Blueberry Nectarine Crisp

a pan of blueberry-nectarine crisp with a oat and pecan topping
Among the many things I love about fruit crisps, one of my favorite features of this versatile dessert is that once you learn the basic technique of making one, you really never have to measure again. Saturday afternoon, I put together a blueberry-nectarine crisp to take to a potluck later in the evening. Back in August, I froze half the blueberries I picked, along with a quart of sliced nectarines. I plucked both bags out of the freezer, and after an hour of defrosting, tumbled their contents into a large bowl. I sprinkled them with some sugar (I didn't measure, but if I was forced to guess, I'd say it was a little more than half a cup), some cinnamon (a good shake), fresh nutmeg (a third of a meg) and a teaspoon of cornstarch (the only thing I measured, because you always want to err on the scant side with cornstarch). I tossed the fruit around with my fingers until coated and them spread them out in a large baking pan (it was a lot of fruit).

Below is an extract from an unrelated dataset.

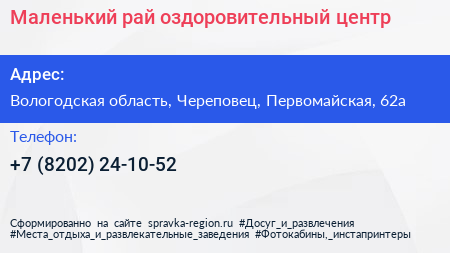 Маленький рай, оздоровительный центр по адресу Вологодская область, Череповец, Первомайская, 62а в дальнейшем Организация, размещена в следующих категориях:
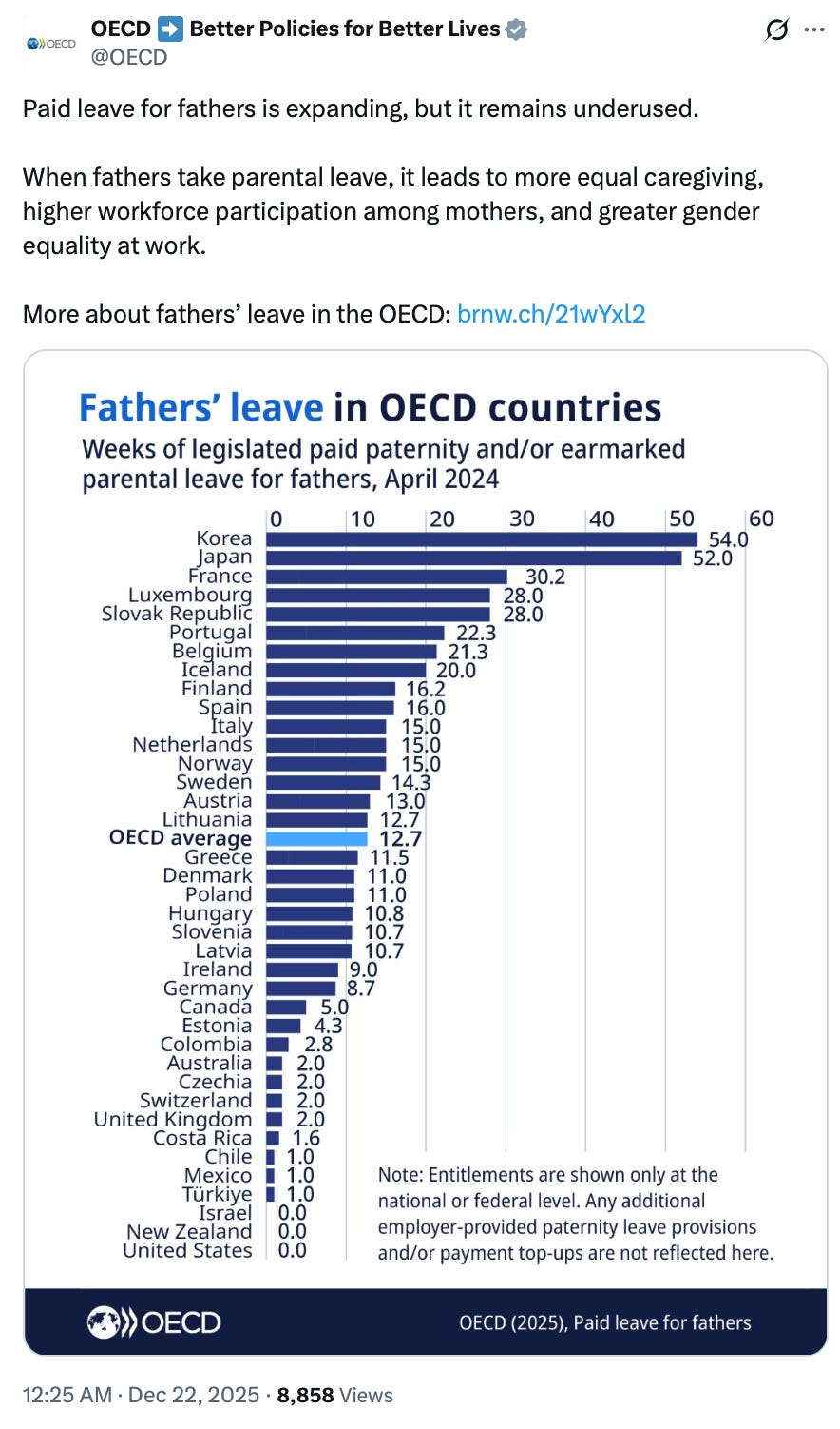 On December 22 of 2025, the Organisation for Economic Co-operation and Development (OECD) published a tweet about paternity leave and its purposes. In the tweet, the OECD said: “Paid leave for fathers is expanding, but it remains underused. When fathers take paternal leave, it leads to more equal caregiving, higher workforce participation among mothers, and greater gender equality at work.”

The fruit went into the oven at 350 degrees plain for the first fifteen minutes, as it was still a little frozen and I didn't want the topping to burn while the fruit was undercooked. While it baked, I whirred up topping in the food processor. In went about 2 cups of oats, 1 stick of butter (unsalted please), cane sugar (about a third of a cup), some cinnamon and a bit more nutmeg. This is my favorite way of making a crisp topping, because some of the oats get worked down into flour, while other bits remain intact. It comes together into a sort of dough that has a terrific texture and makes you think that what you're eating has some relationship to healthy eating. I toss in a couple of handfuls of chopped pecans just before spreading it out over the fruit. It baked for another 45 minutes, until the top was lightly browned and the fruit was bubbly and soft. Eaten with vanilla ice cream, it was one of the better treats I tasted in recent memory.

Filed under: Ingredients, Methods

A bit of summer, stashed away for the fall

frozen nectarine wedges on a cookie sheet
Last week when I went blueberry picking, I also brought home a quart of imperfect nectarines for $2. I could have gotten more perfectly formed specimen for twice the price, but I decided not to judge the fruit based on its outward appearance and went for a basket of marked and marred. It was a good buy, as they had incredible flavor. They were, however, also incredibly ripe and by yesterday were in need of some sort of speedy use or processing. Still overwhelmed by the zucchini muffins and lemon blueberry cake, I decided I couldn't handle another baked good in my apartment. I went the easy way and cut the remaining dozen of them into wedges and froze them on a cookie tray that I balanced precariously in my overstuffed freezer.

I now have a large bag of locally grown nectarine chunks in my freezer. I imagine I'll used them on a chilly, overcast day in November, when juicy summer fruit is a distant memory. On some very minor level, I feel a sense of satisfaction similar to that which I imagine women of another century often experienced, after a long day of canning the fruits of their kitchen gardens, so that they'd have fruits and veggies throughout the winter.